While Monday’s rally provided a much-needed boost, long-term trends will depend on whether economic data supports the case for rate cuts and whether corporate earnings can sustain momentum amid persistent macroeconomic challenges.
Using the “SPY” symbol to analyze the S&P 500 our 10-day prediction window shows a near-term positive outlook. Prediction data is uploaded after the market closes at 6 p.m. CST. Today’s data is based on market signals from the previous trading session.
Our featured symbol for Tuesday is GS. Goldman Sachs Group – GS is showing a steady vector in our Stock Forecast Toolbox’s 10-day forecast.
The symbol is trading at $577.4 with a vector of +0.37% at the time of publication.
10-Day Prediction data is uploaded after the market close at 6 p.m., CST. Today’s data is based on market signals from the previous trading session.
Note: The Vector column calculates the change of the Forecasted Average Price for the next trading session relative to the average of actual prices for the last trading session. The column shows the expected average price movement “Up or Down”, in percent. Trend traders should trade along the predicted direction of the Vector. The higher the value of the Vector the higher its momentum.
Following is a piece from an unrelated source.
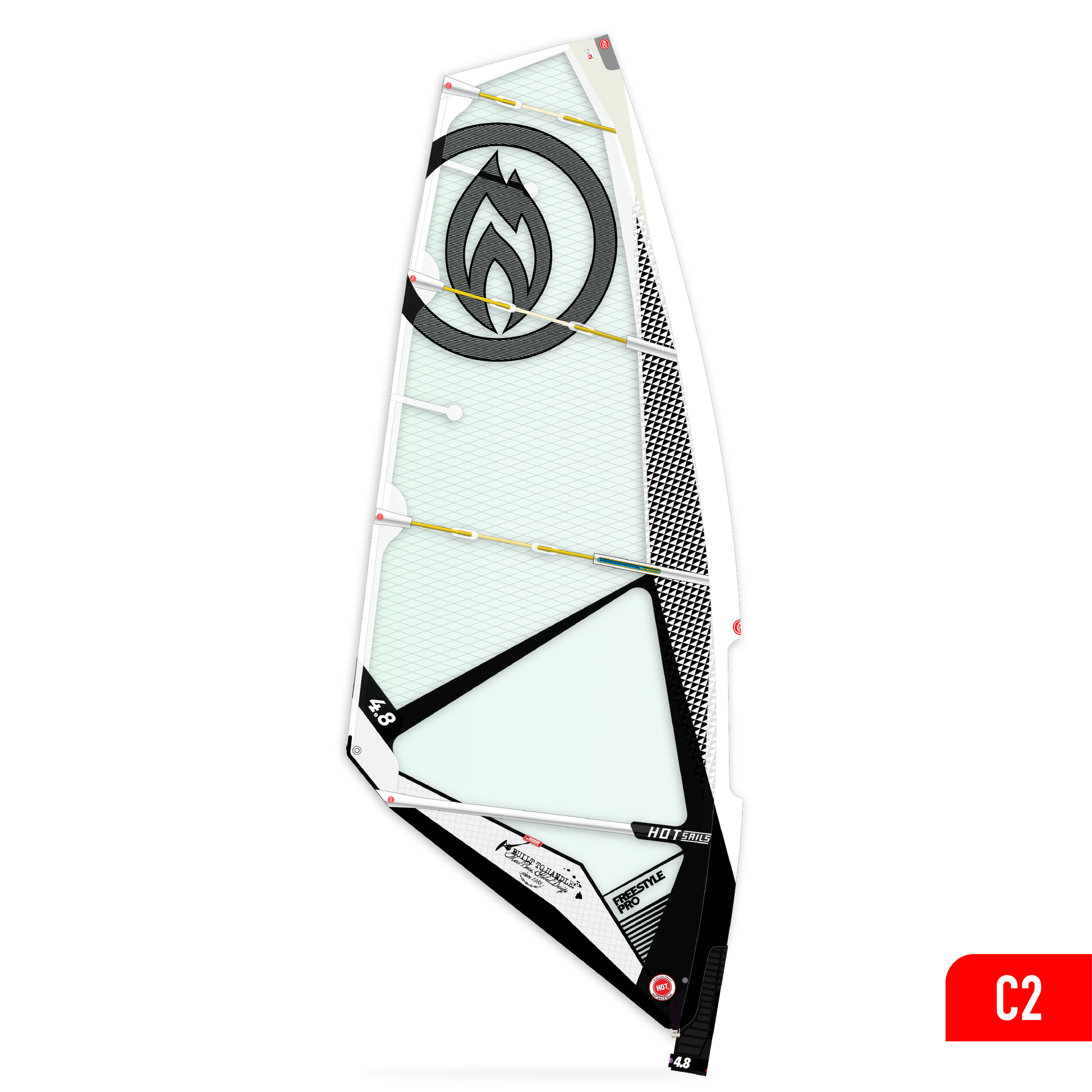 The FREESTYLE PRO continues to be one of the lightest but toughest Freestyle sails on the market. Our strong material construction can withstand intense slams and dives while being twisted and swept during the craziest of maneuvers. Our no-compromise design philosophy enables us to concentrate on easier ducking and instant power. These features help to lift the rider higher while delivering the drive and control needed for the second and third rotations. This is a PURE freestyle sail for advanced riders. If you are serious about your freestyle performance, then the Freestyle Pro, as the name suggests, is for you.

*Please note: At the time of publication Vlad Karpel does have a position in the featured symbol, GS. Our featured symbol is part of your free subscription service. It is not included in any paid Tradespoon subscription service. Vlad Karpel only trades his money in paid subscription services. If you are a paid subscriber, please review your Premium Member Picks, ActiveTrader, or MonthlyTrader recommendations. If you are interested in receiving Vlad’s picks, please click here.
West Texas Intermediate for Crude Oil delivery (CL.1) is priced at $69.10 per barrel, up 1.20%, at the time of publication.
Looking at USO, a crude oil tracker, our 10-day prediction model shows mixed signals. The fund is trading at $72.8 at the time of publication. Prediction data is uploaded after the market close at 6 p.m., CST. Today’s data is based on market signals from the previous trading session.
The price for the Gold Continuous Contract (GC00) is down 0.26% at $3,013.60 at the time of publication.
Using SPDR GOLD TRUST (GLD) as a tracker in our Stock Forecast Tool, the 10-day prediction window shows mixed signals. The gold proxy is trading at $277.31 at the time of publication. Vector signals show +0.30% for today. Prediction data is uploaded after the market close at 6 p.m., CST. Today’s data is based on market signals from the previous trading session.
The yield on the 10-year Treasury note is up at 4.332% at the time of publication.
The yield on the 30-year Treasury note is up at 4.654% at the time of publication.
Using the iShares 20+ Year Treasury Bond ETF (TLT) as a proxy for bond prices in our Stock Forecast Tool, we see mixed signals in our 10-day prediction window. Prediction data is uploaded after the market close at 6 p.m., CST. Today’s data is based on market signals from the previous trading session.
The CBOE Volatility Index (^VIX) is priced at $17.8 down 0.08% at the time of publication, and our 10-day prediction window shows mixed signals. Prediction data is uploaded after the market close at 6 p.m., CST. Today’s data is based on market signals from the previous trading session.